"Wow...you really hate yourself!"

love not hate

“Wow, you really hate yourself…well…maybe you don’t hate yourself, but you sure talk to yourself like you do”.

And *bam* those were the words that my husband spoke to me that knocked me on my a**. 

I had worked so hard to cultivate emotional regulation skills, which meant listening to my body and caring for my needs as they arose. If I was burnt out, I’d let myself rest, set boundaries and communicate my needs. If I was worked up, I'd make sure I had time to exert some energy or find a trusted friend to talk to. I journal (a lot) every single day, get my “zone minutes” and “steps” daily, ensure I get adequate sleep, typically avoid screens 1-2 hours before bedtime, cultivate and maintain healthy relationships, work at creating meaningful work in my career and have healthy relationships with my husband and children.

But this summer has been difficult. I mean, the last few years have been difficult, if I’m being honest, but I can mostly move through the challenges by focusing on the tremendous amount of work on my plate. This summer was different. I had tied up and set aside some big projects at the end of June and I had planned to spend my summer on our developing homestead (cabinstead?) in Minnesota. My husband and I are nearing the end of the immigration process for him to become a permanent resident of Canada, but before that can happen, he has some jobs and work to finish up here. 

The plan was for me to “be around” and finally be able to go to sleep next to one another more often than not. I would maintain the home (keep it clean, get the laundry done, make a meal or two), tackle projects here and there, take the lead in parenting, lend a hand when my husband needed it, and work on my curriculum design and programming. At first I was excited for the country air, family time, and coveted alone time I was about to enjoy. I was going to get deep into my creative writing, get inspired and reconnect with myself! But as the weeks wore on and much of my time was spent in isolation, I found myself falling into a depression and questioning my worth and value. 

I started to come down on myself whenever I didn’t have the energy or stamina to have a meal ready, or the house wasn’t clean enough. I felt ashamed that my business did not earn enough to “pull my weight” (as if finances are the only way to contribute to a family and marriage) and questioned if I was a burden to my loved ones…and then the spiral began…how could someone love me if I’m a burden? If I’m not being excellent at everything I said I would, then I’m failing, I’m not holding up my end of the bargain! And once I was deep in the waters of depression, then came the “no one can love you being the mess that you are” “how could you possibly believe that you had anything worthwhile to offer as a business or even as a wife?” “No one cares to listen to you anyways!”

“You talk to yourself like you hate yourself!”

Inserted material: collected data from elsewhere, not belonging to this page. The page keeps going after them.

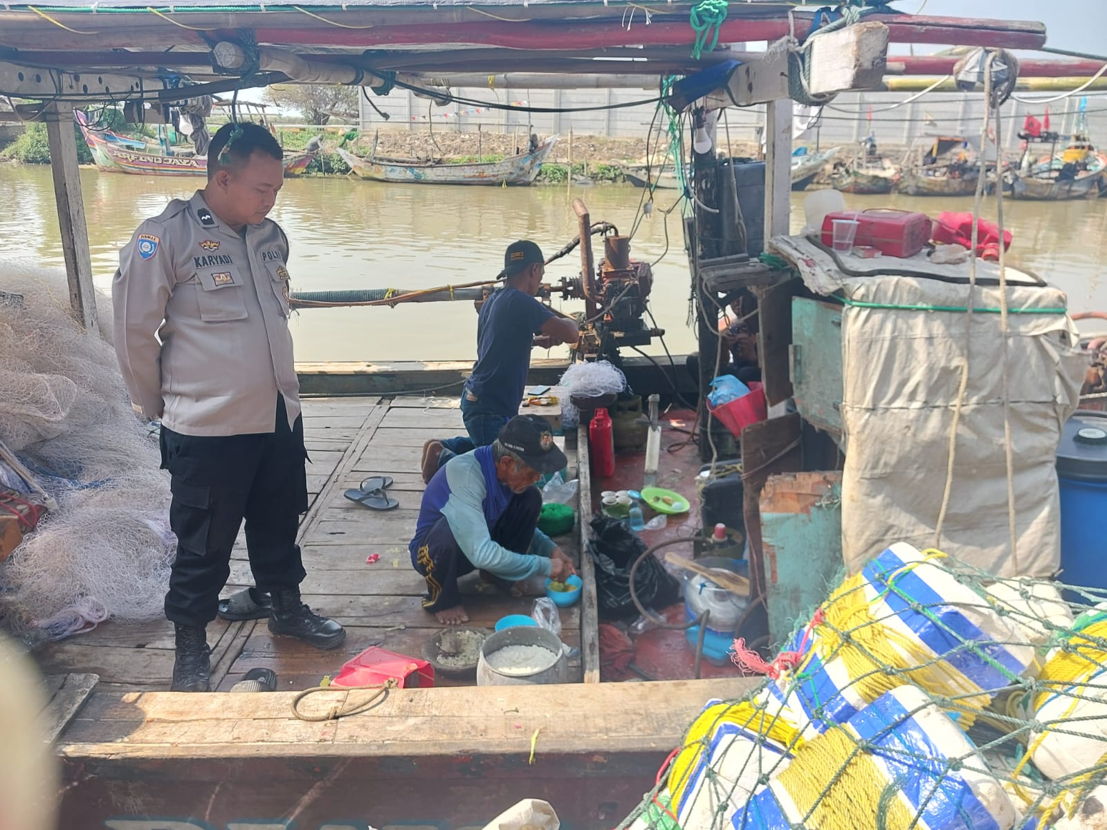 Tak sekadar menyapa, AIPDA Karyadi juga melakukan pengecekan terhadap kondisi keamanan kapal serta menyampaikan imbauan tentang pentingnya keselamatan saat melaut.
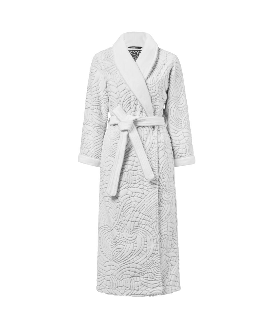 Balts premium kvalitātes halāts. Iedvesmots no Maurīcijas salas lielākā izmirušā Dodo putna spalvu raksta, šis halāts izceļas ar unikālu žakarda rakstu, kas ieausts tieši auduma struktūrā – tas ir ne tikai raksts, bet arī sajūta.
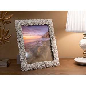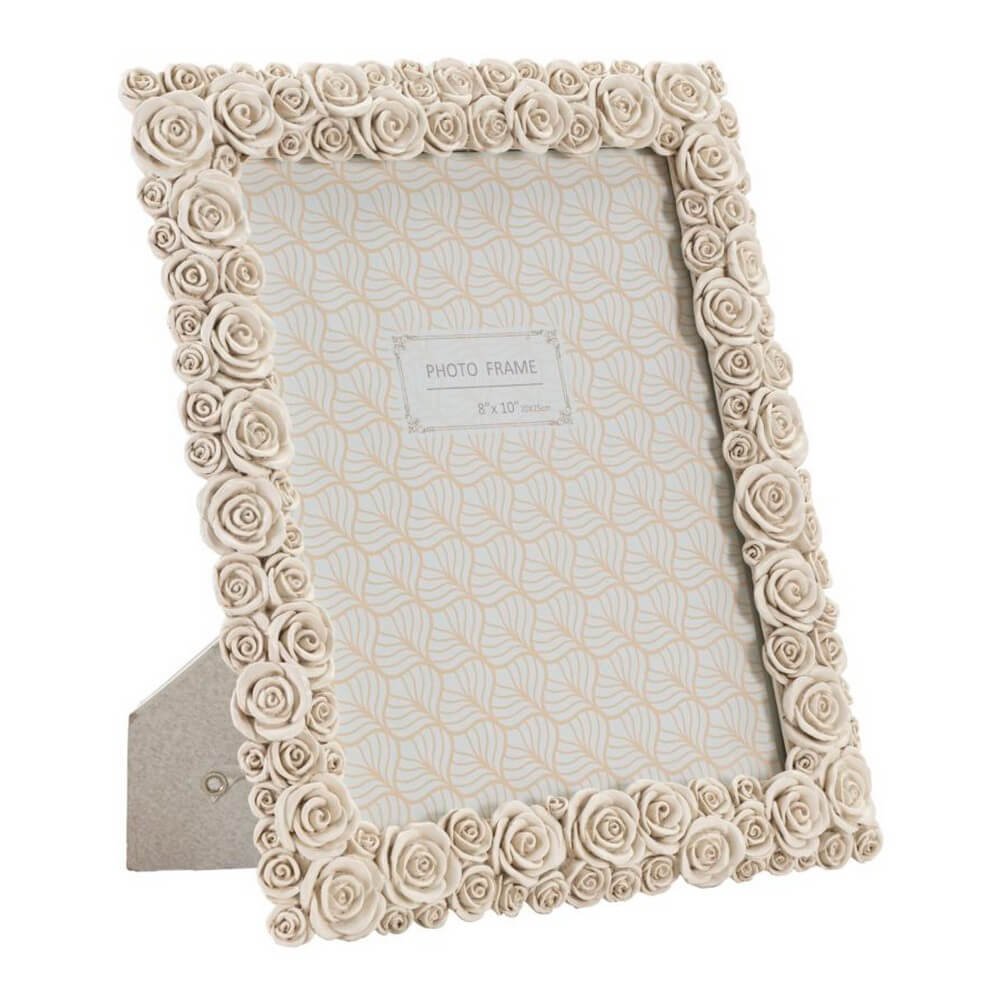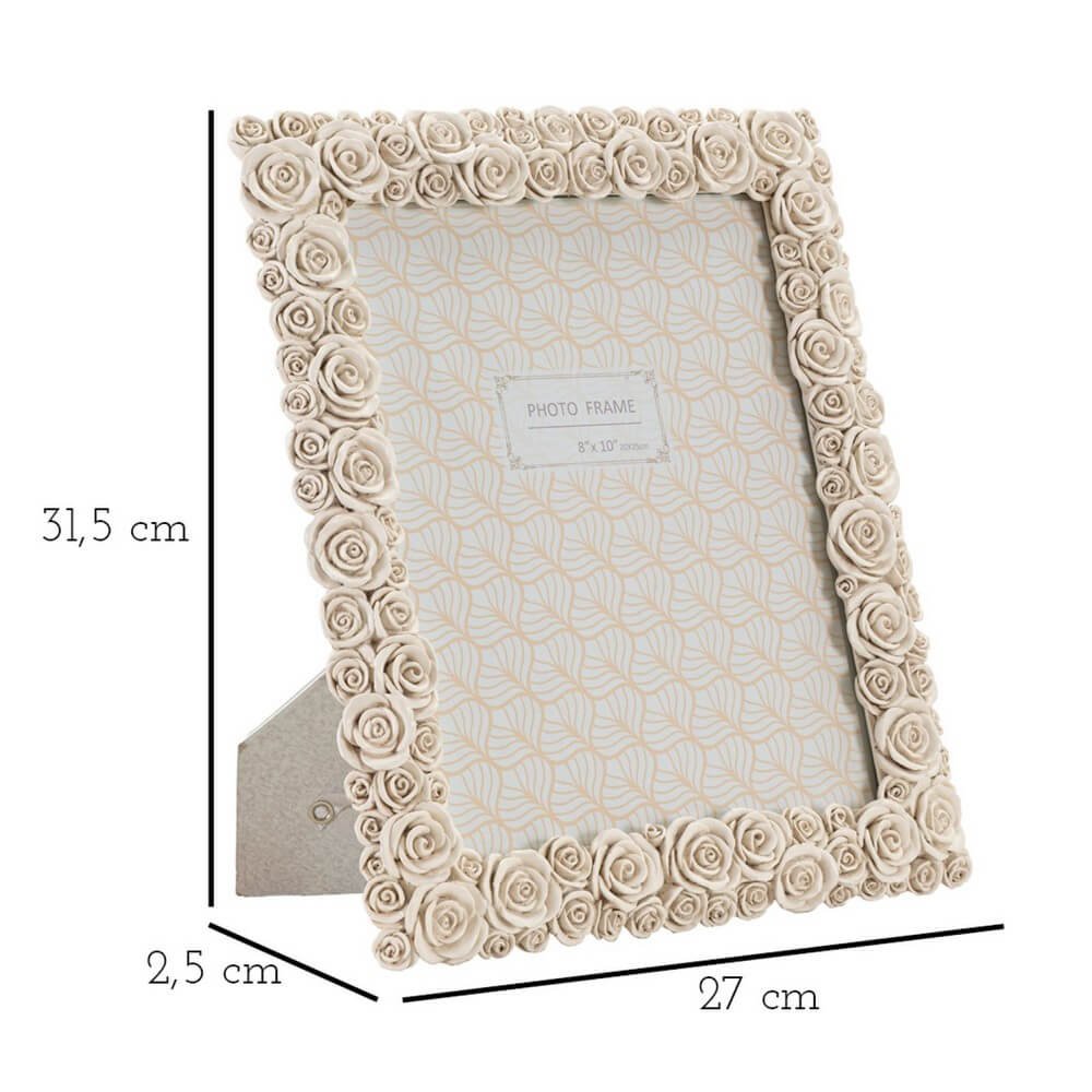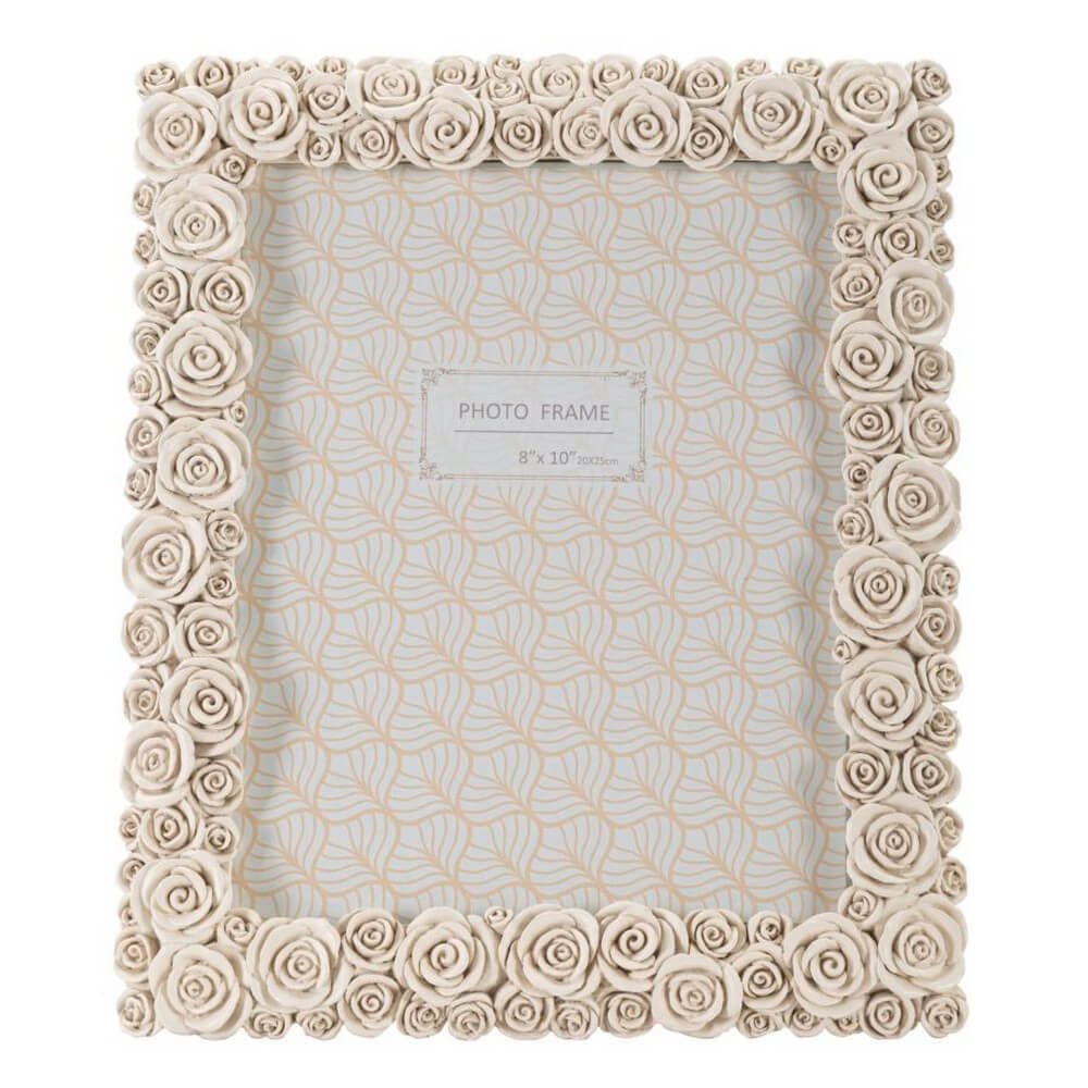 Cornice rettangolare da appoggio in resina realizzata da un insieme di roselline. Puรฒ essere posizionata sia in orizzontale che in verticale. Dimensioni foto cm 20×25.

Ouch…it was true. I hated feeling the way I felt. Those well worn pathways in my brain somehow still seemed to revert to trying to kick myself into gear by shaming and guilting myself out of a funk...spoiler alert…it doesn’t work. While most of the time I’m acutely aware of my cognitive distortions at play, if I’m not vigilant they can resurface and undermine me. I have an A+ in catastrophizing.

To paraphrase Dr. Kristen Neff, the developer of Mindful Self-Compassion, there are two kinds of self-compassion. Fierce self-compassion - think of a mama bear protecting her cubs - except you yourself are the cub. People who are able to administer fierce self-compassion set boundaries. It sounds something like “thanks for thinking of me, but I need to stay home and rest tonight” or “I understand you are struggling, but I don’t have the time or emotional space to meet your needs right now” or even telling myself “get off your phone and get moving, you’ll feel better”. It’s taken me a lot of practice (I would still consider myself a recovering people pleaser), but I've gotten significantly better at administering fierce self-compassion.

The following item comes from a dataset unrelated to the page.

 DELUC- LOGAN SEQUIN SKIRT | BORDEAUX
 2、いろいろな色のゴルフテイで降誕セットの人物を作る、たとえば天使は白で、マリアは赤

Tender self-compassion on the other hand is a different story. Tender self-compassion requires holding and tending to yourself in the ways that you might a small child who is injured or upset. Using touch (a hand on the heart) and speaking soothing words to yourself. Sometimes I’m great at this. Often I tend to resort to trying to problem solve or convince myself that things are okay, rather than just being with the experience. Soften, Soothe, Allow. Tender self-compassion is the antidote to self-criticism and it’s a practice that I’m still cultivating.

nurture yourself

Times are still challenging. I have no clearer answers to the questions and uncertainties that were driving my anxiety before I fell into depression than I do now. Patience and self-compassion are key to navigating these challenging times and I’m learning to wait and see what unfolds. Until this storm passes, I will commit to spending each day in as meaningful a manner as possible, set daily attainable goals that will set me in the right direction, and practice sitting with myself as a true friend would and nurture myself instead of abandoning myself in my time of need. 

Today I didn’t say one unkind word to myself. Today I talked to myself like I love myself. That is success. That is improvement. That is mindfully stepping in the right direction.

While I wouldn’t say I’m on top of the world, I’d say I’m out of the woods, and I’m proud of myself for that.